Transcribe, leaving out every picture, the lines that run from the start of the listing below through the line with "- LEGO® ǀ Marvel".

━━ SOURCE INFORMATION ━━

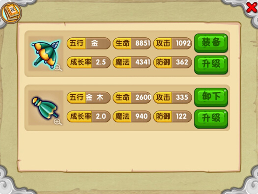 造夢(mèng)西游OL中法寶都有其各自的屬性,不同的屬性在加成方面不同。
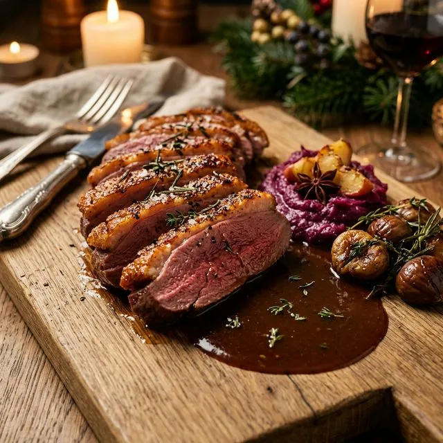 Nerd-Fact: Eine ganze Gans wird im Ofen oft ungleichmäßig (trockene Brust, rohe Keulen). Durch das Sous-Vide Garen bei 65°C erreichen wir eine extrem saftige, durchgehend zart-rosa Brust. Das harte Kollagen zersetzt sich sanft.
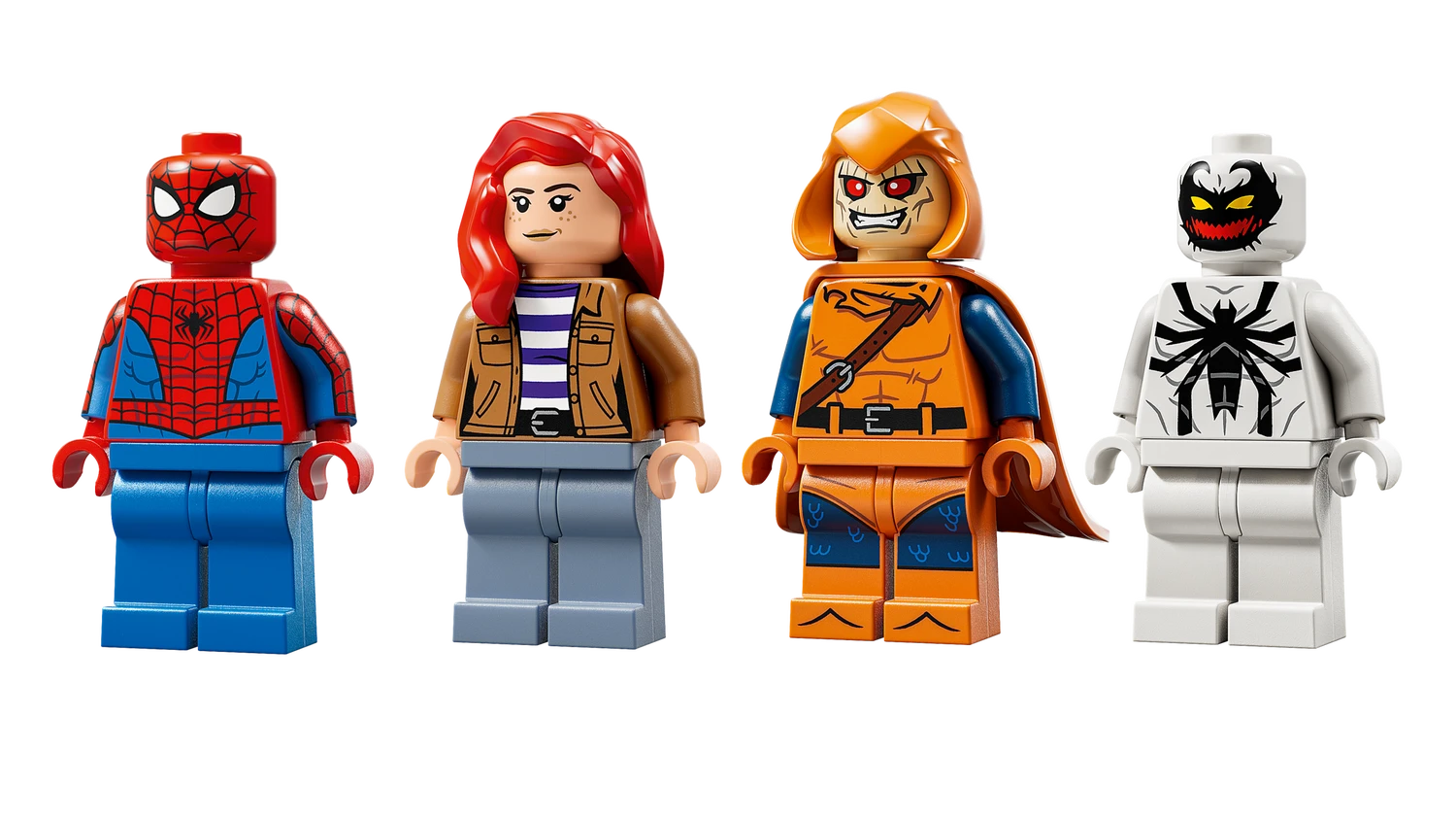 - LEGO® ǀ Marvel minifigures – The buildable set features Hobgoblin on his glider with pumpkin bombs, Spider-Man and Anti-Venom blasting webs and Mary Jane with a large, jointed spider robot
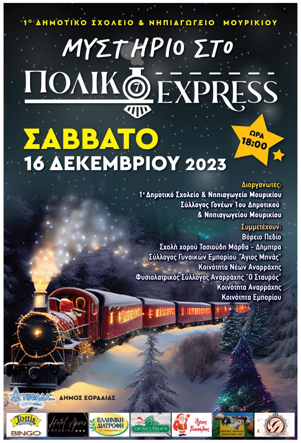 - “Πολικό Εξπρές 7” Φεστιβάλ παιδικής δημιουργίας και ευρηματικού παιχνιδιού από το 1ο Δημοτικό Σχολείο & Νηπιαγωγείο Μουρικίου και το Σύλλογο Γονέων & Κηδεμόνων στις 18.00 στο 1ο Δημοτικό Σχολείο & Νηπιαγωγείο Μουρικίου.
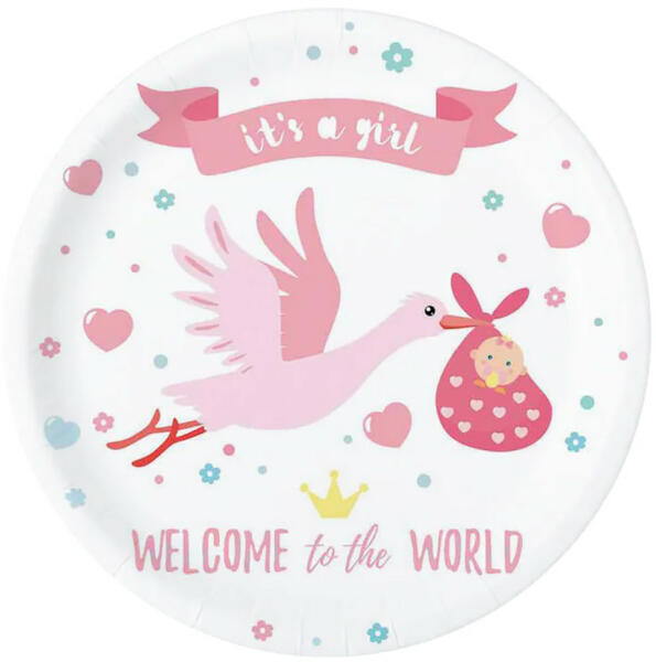 Egy baba születése az egyik legnagyobb öröm egy család életében. Ennek a rózsaszín színű tányér szettnek a segítségével pedig Te is egyszerűen tudsz vidámságot varázsolni a babaváró bulira és meglepni mindenkit egy igazán bájos dekorációval. Tulajdonságok: Anyaga: papír A papír tányér mérete: 18 cm A csomag tartalma 6 darab azonos mintájú papír tányér.

━━━

**EXERCISE ANSWER**:
 造夢(mèng)西游OL中法寶都有其各自的屬性,不同的屬性在加成方面不同。
 Nerd-Fact: Eine ganze Gans wird im Ofen oft ungleichmäßig (trockene Brust, rohe Keulen). Durch das Sous-Vide Garen bei 65°C erreichen wir eine extrem saftige, durchgehend zart-rosa Brust. Das harte Kollagen zersetzt sich sanft.
 - LEGO® ǀ Marvel minifigures – The buildable set features Hobgoblin on his glider with pumpkin bombs, Spider-Man and Anti-Venom blasting webs and Mary Jane with a large, jointed spider robot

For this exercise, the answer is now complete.